Encourage healthy work-life balance. Work-life balance has a strong impact on employee happiness. Employees need to feel that their personal lives are valued just as much as their professional lives. Employers can offer flexible hours, allow employees to work from home when needed and encourage employees to use their PTO.
Express gratitude. Employee appreciation is one of the keys to workplace happiness. An easy way for employers to express appreciation to employees is through gratitude. Employers should genuinely thank employees for a job well done. Even a small amount of recognition and thankfulness goes a long way.
Listen. It’s extremely important for employees to feel heard. Employers should stay receptive and encourage employee feedback. For employees to be happy, they need to feel like they are a part of the decision-making process and that their ideas are valued and respected.
Celebrate contributions. Employees have small successes every day that goes unrecognized. While it’s not plausible to celebrate every little accomplishment, it’s important for employers to make an effort to celebrate some employee contributions.
Lead by example. Happy managers inspire happy employees. Employers can lead a happy workforce by smiling and laughing more, staying out of workplace gossip, practicing healthy habits and maintaining an optimistic attitude.
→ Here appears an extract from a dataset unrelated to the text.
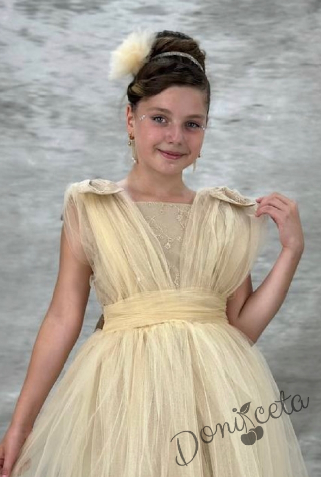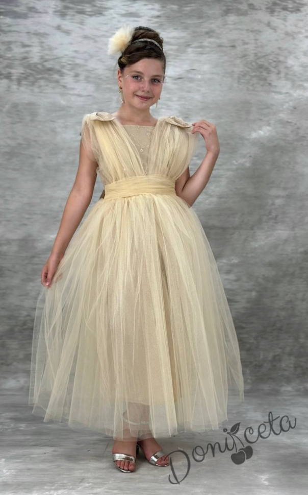 • Много оригинална официална дълга детска рокля в златисто с тюл до долу.

Employers will greatly benefit from investing in employee happiness. When employees are happy, they care more about their work and the success of their company. Team goals and customer service become priorities, and happier employees easily find meaning and fulfillment in their work. The great thing about promoting employee happiness? It doesn’t even have to cost a dime. By respecting, appreciating and empowering employees, employers can boost employee happiness and positivity more than an expensive employee happy hour ever could.